### PROBLEM DESCRIPTION
Skip the images. Copy the records exactly as written.

### SUPPLIED ENTRIES

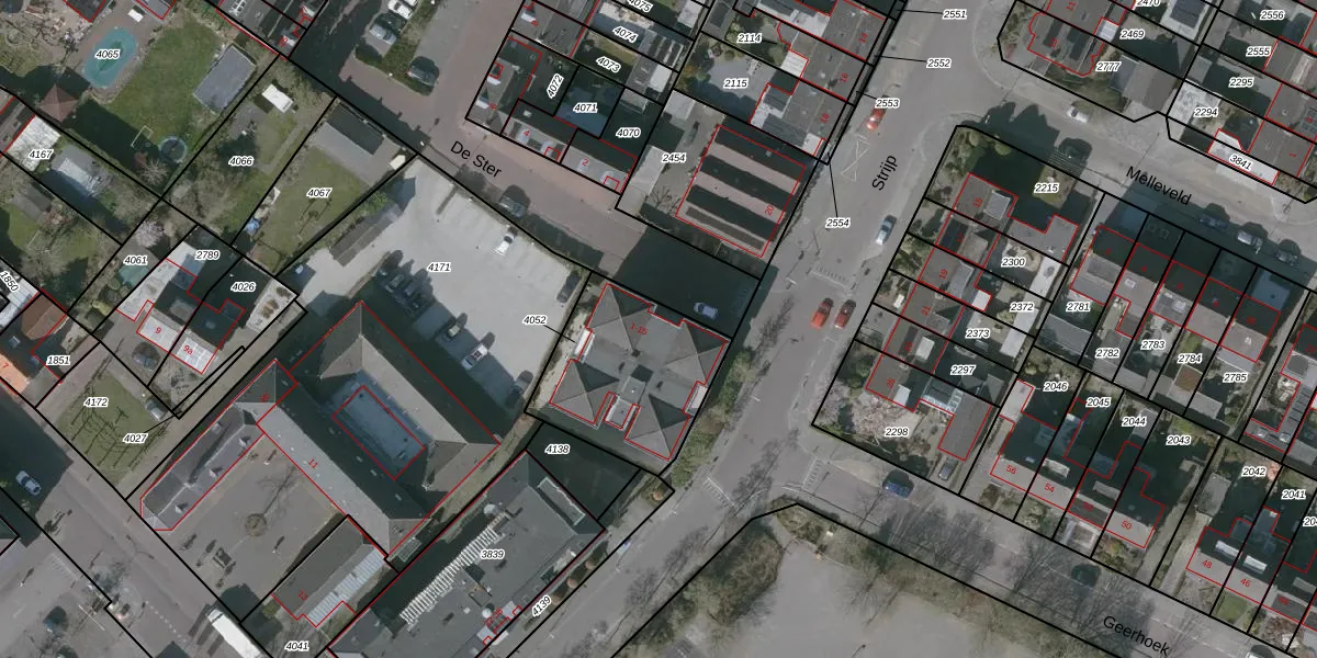 Het perceel waarop De Ster 15 staat heeft een oppervlakte van 563 m². Dit is een groot perceel. De perceeloppervlakte wordt geregistreerd door het Kadaster. Gedetailleerde informatie over de maten van dit perceel kunt u vinden in het rapport Kadastrale kaart met maatvoering van De Ster 15.
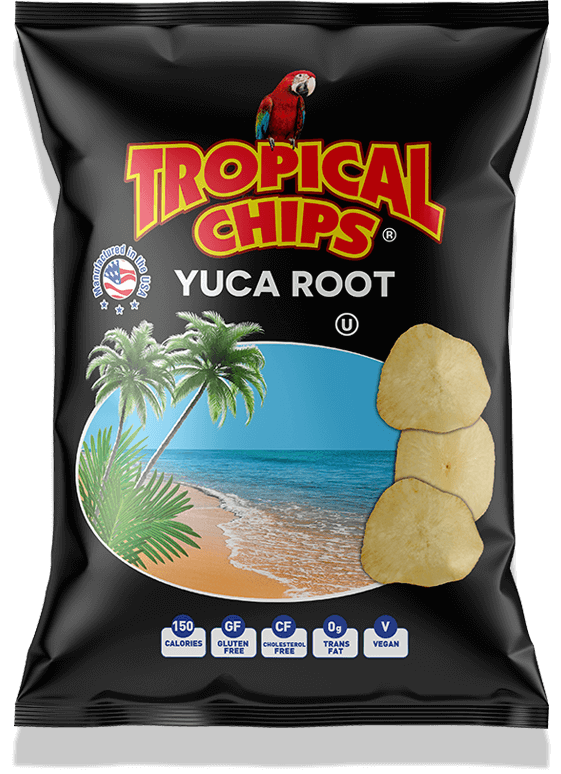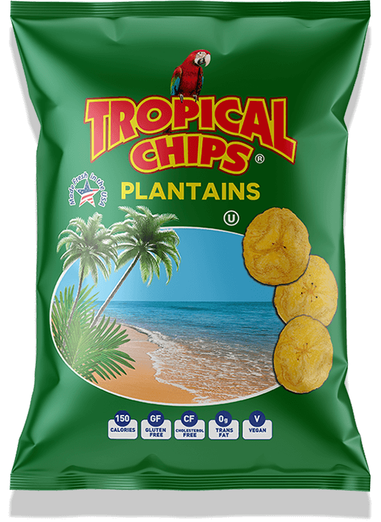The plantain is the cousin of the banana, the most popular fruit in the USA, with a uniquely, distinct flavor. Our Tropical Chips are cooked produced daily in Miami in 100% non-hydrogenated vegetable oil, making them a great alternative snack to potato chips. They also provide a source of potassium, and are lower in sodium and gluten free. Since Tropical Chips are a fresh plantain product, you can find them near the produce section of your grocery store.
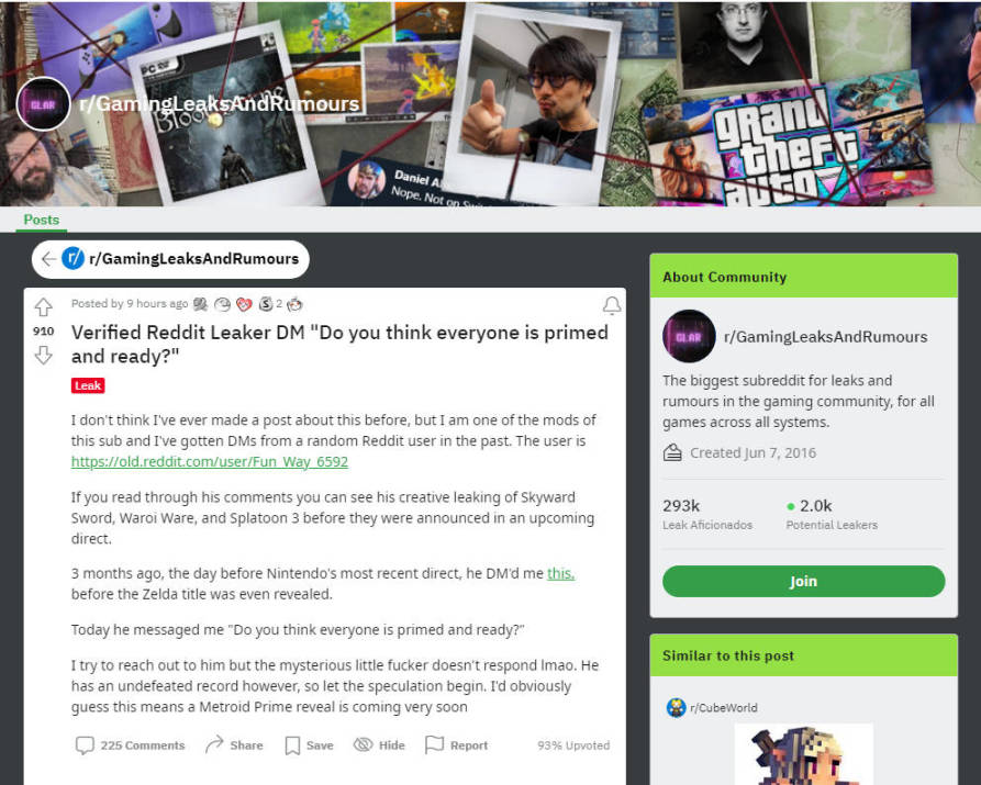 「舅舅黨」Fun_Way_6592此前曾準確爆料了《塞爾達傳說:王國之淚》的完整標題和揭曉日期。現在,他再次向在Reddit的板塊「GamingLeaksAndRumours」上爆料。這次他發布的內容是「你認為每個人都准備好了嗎?」 並在本次發布的內容中暗示即將發布與「Prime」相關的公告
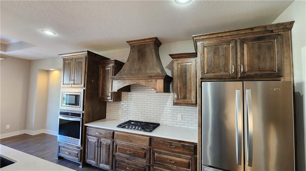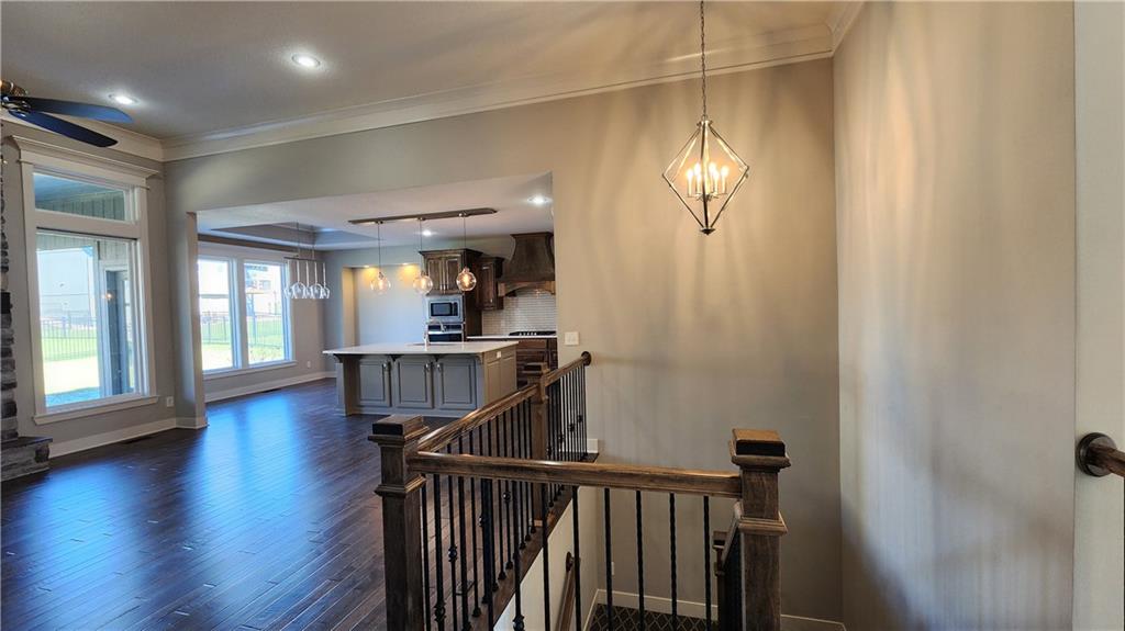 This is the Franklin Plan. You are going to love this warm and inviting home with the open floor plan and high ceilings on the main level of this beautiful 4 bedroom home! The location of this house is absolutely perfect. You will be close to the airport and Zona Rosa, and close to major highways. This like new home includes 2 bedrooms on the main level, and 2 bedrooms in the basement, each with walk in closets and egress windows. Also in the basement is a large great room with a wet-bar complete with a refrigerator and ample cabinets. The gourmet kitchen includes stainless appliances with a built in oven and microwave, along with a 6 burner gas cooktop. The fenced back yard includes a covered patio right off the dining area. As you enter the kitchen from the garage, there is a good size pantry. The laundry is located right off the primary bedroom. Seller had the AC recently replaced. Washer/Dryer and large stainless refrigerator all stay. Seller is providing a one year Cinch Home Warranty for your protection.
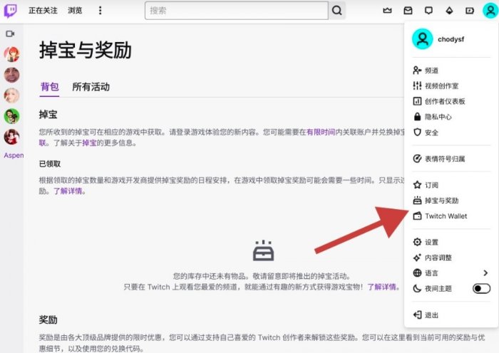 首先你需要个能加速twitch网站的加速器(大部分主流加速器都有),然后进入网站,没有账号的先注册一个账号(很简单),登录成功之后点击你的账户会有个掉宝与奖励,点进去就会看见活动。
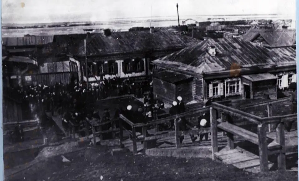 На фото: школьники спускаются по лестнице к зданию школы, 1930 год, тогда подгорная часть была застроена ещё купеческими особняками (архив школы № 1).
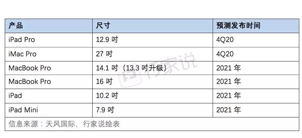 “蘋果爆料大王”天風(fēng)國際分析師郭明錤先生發(fā)布蘋果最新研究報告,稱Mini LED自4Q20起將爆發(fā)增長,預(yù)期6款產(chǎn)品將在2021年底前面市。

### TASK RESPONSE
 Het perceel waarop De Ster 15 staat heeft een oppervlakte van 563 m². Dit is een groot perceel. De perceeloppervlakte wordt geregistreerd door het Kadaster. Gedetailleerde informatie over de maten van dit perceel kunt u vinden in het rapport Kadastrale kaart met maatvoering van De Ster 15.
The plantain is the cousin of the banana, the most popular fruit in the USA, with a uniquely, distinct flavor. Our Tropical Chips are cooked produced daily in Miami in 100% non-hydrogenated vegetable oil, making them a great alternative snack to potato chips. They also provide a source of potassium, and are lower in sodium and gluten free. Since Tropical Chips are a fresh plantain product, you can find them near the produce section of your grocery store.
 「舅舅黨」Fun_Way_6592此前曾準確爆料了《塞爾達傳說:王國之淚》的完整標題和揭曉日期。現在,他再次向在Reddit的板塊「GamingLeaksAndRumours」上爆料。這次他發布的內容是「你認為每個人都准備好了嗎?」 並在本次發布的內容中暗示即將發布與「Prime」相關的公告
 This is the Franklin Plan. You are going to love this warm and inviting home with the open floor plan and high ceilings on the main level of this beautiful 4 bedroom home! The location of this house is absolutely perfect. You will be close to the airport and Zona Rosa, and close to major highways. This like new home includes 2 bedrooms on the main level, and 2 bedrooms in the basement, each with walk in closets and egress windows. Also in the basement is a large great room with a wet-bar complete with a refrigerator and ample cabinets. The gourmet kitchen includes stainless appliances with a built in oven and microwave, along with a 6 burner gas cooktop. The fenced back yard includes a covered patio right off the dining area. As you enter the kitchen from the garage, there is a good size pantry. The laundry is located right off the primary bedroom. Seller had the AC recently replaced. Washer/Dryer and large stainless refrigerator all stay. Seller is providing a one year Cinch Home Warranty for your protection.
 首先你需要个能加速twitch网站的加速器(大部分主流加速器都有),然后进入网站,没有账号的先注册一个账号(很简单),登录成功之后点击你的账户会有个掉宝与奖励,点进去就会看见活动。
 На фото: школьники спускаются по лестнице к зданию школы, 1930 год, тогда подгорная часть была застроена ещё купеческими особняками (архив школы № 1).
 “蘋果爆料大王”天風(fēng)國際分析師郭明錤先生發(fā)布蘋果最新研究報告,稱Mini LED自4Q20起將爆發(fā)增長,預(yù)期6款產(chǎn)品將在2021年底前面市。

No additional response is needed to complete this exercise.